• _DESCRIPTION OF THE TASK_
In the entries below, begin at the line with "Freeway at San Salvador (2)" and stop after the line with "Switzerland's Top Secret"; output those lines exactly and omit the pictures.

• _RECORD SET_
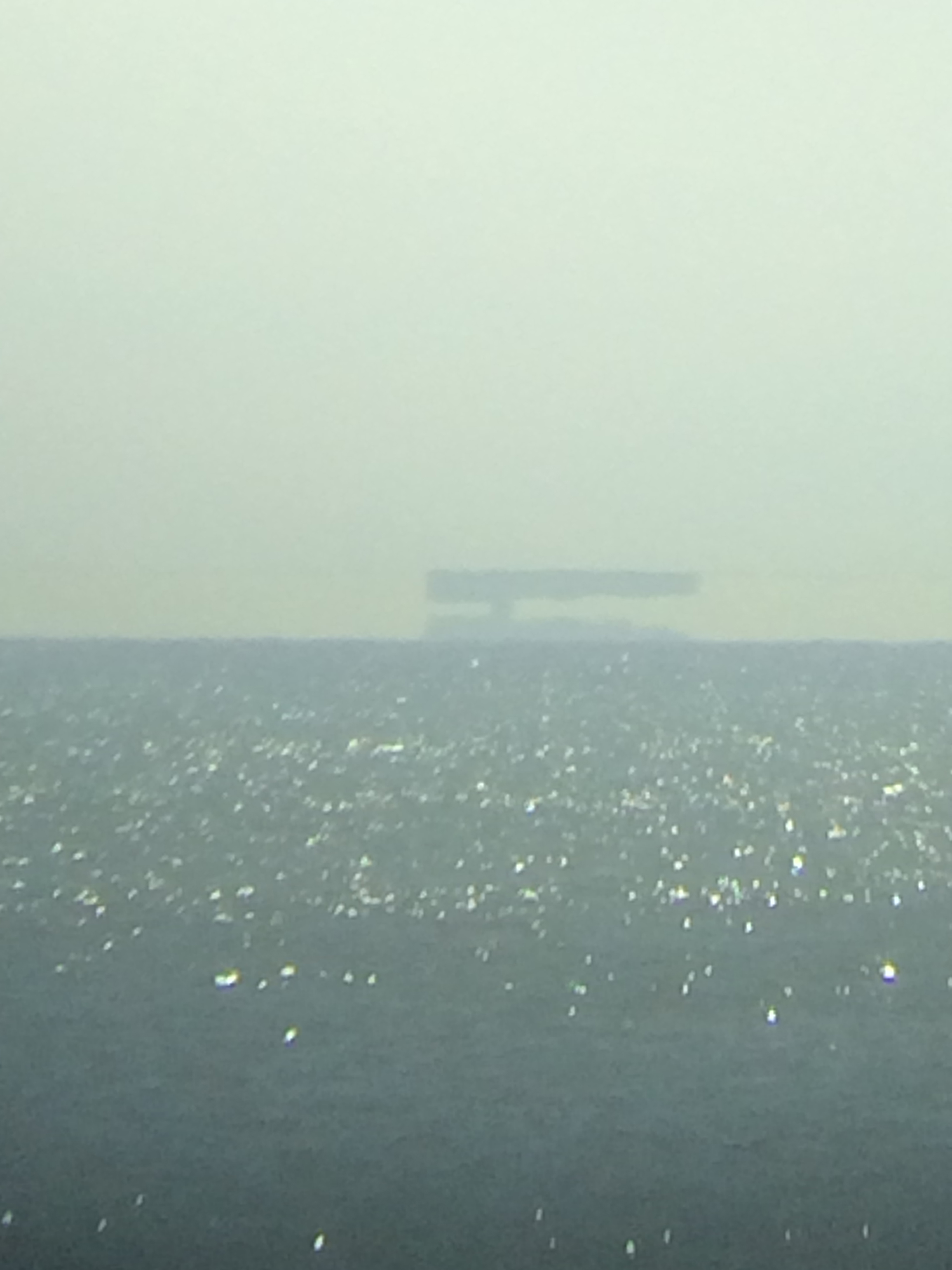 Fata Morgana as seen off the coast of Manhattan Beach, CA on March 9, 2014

* * *

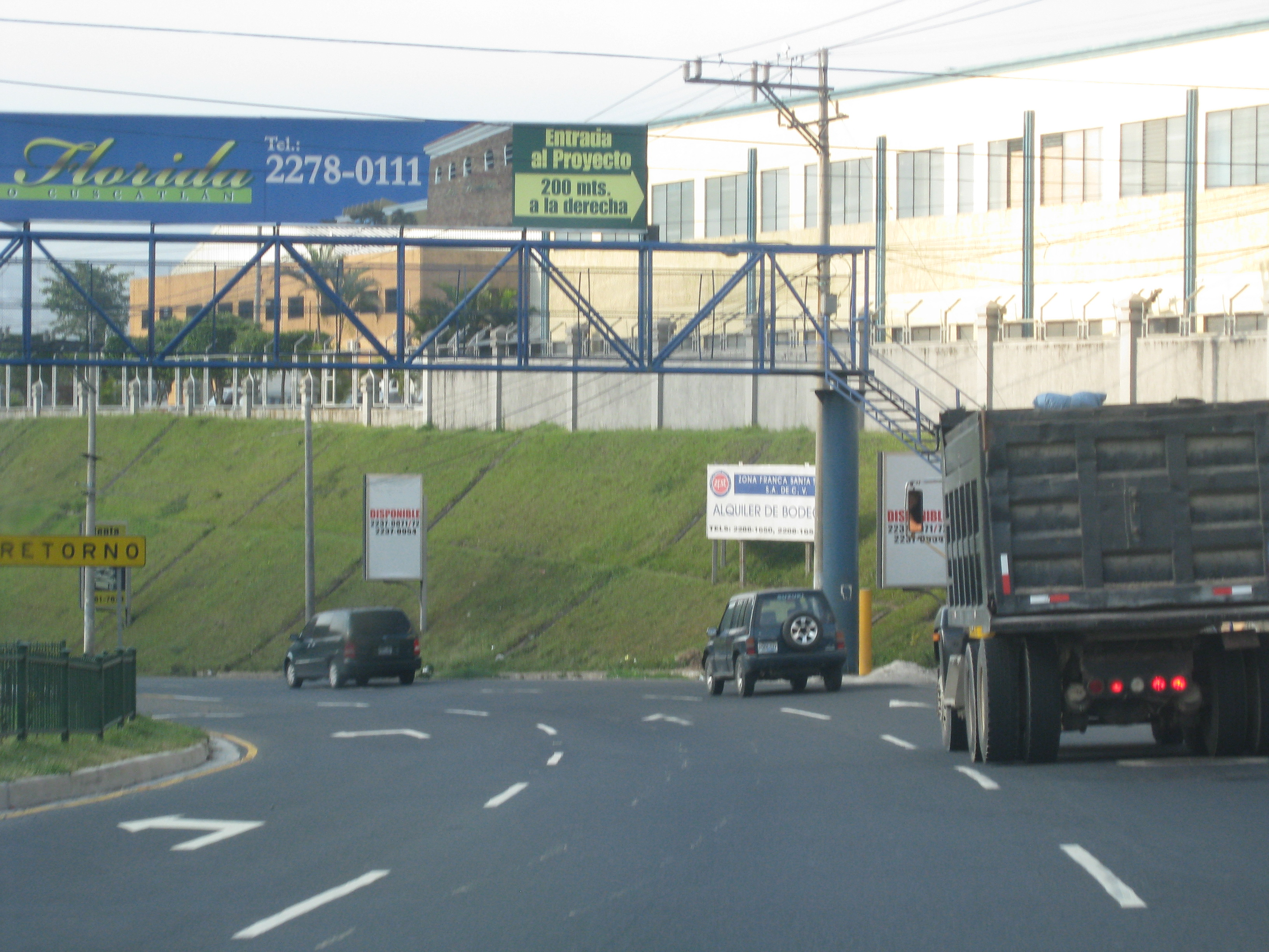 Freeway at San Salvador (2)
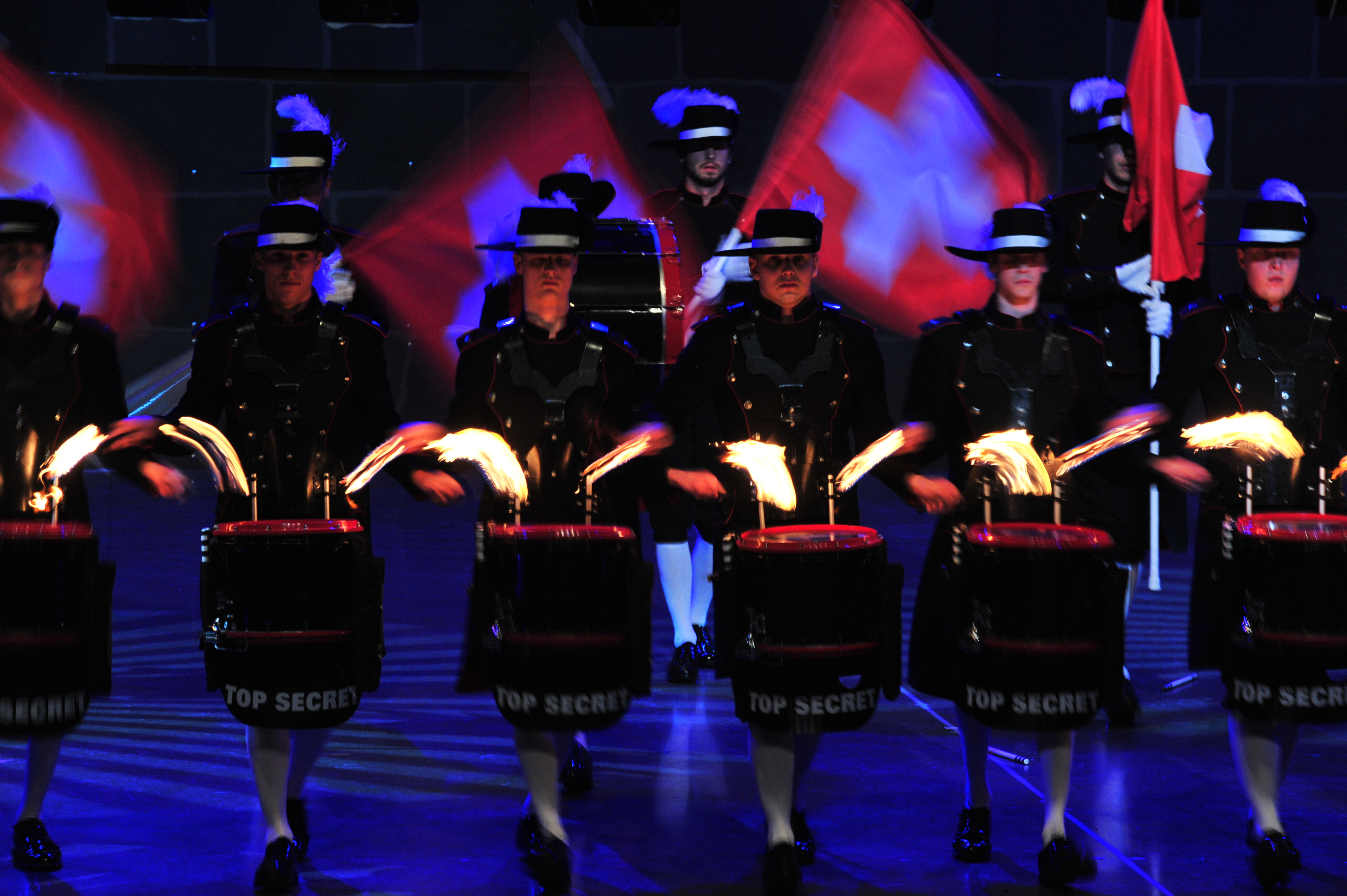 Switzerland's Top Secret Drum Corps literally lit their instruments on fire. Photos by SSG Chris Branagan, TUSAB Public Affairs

• _EXERCISE RESPONSE_
 Freeway at San Salvador (2)
 Switzerland's Top Secret Drum Corps literally lit their instruments on fire. Photos by SSG Chris Branagan, TUSAB Public Affairs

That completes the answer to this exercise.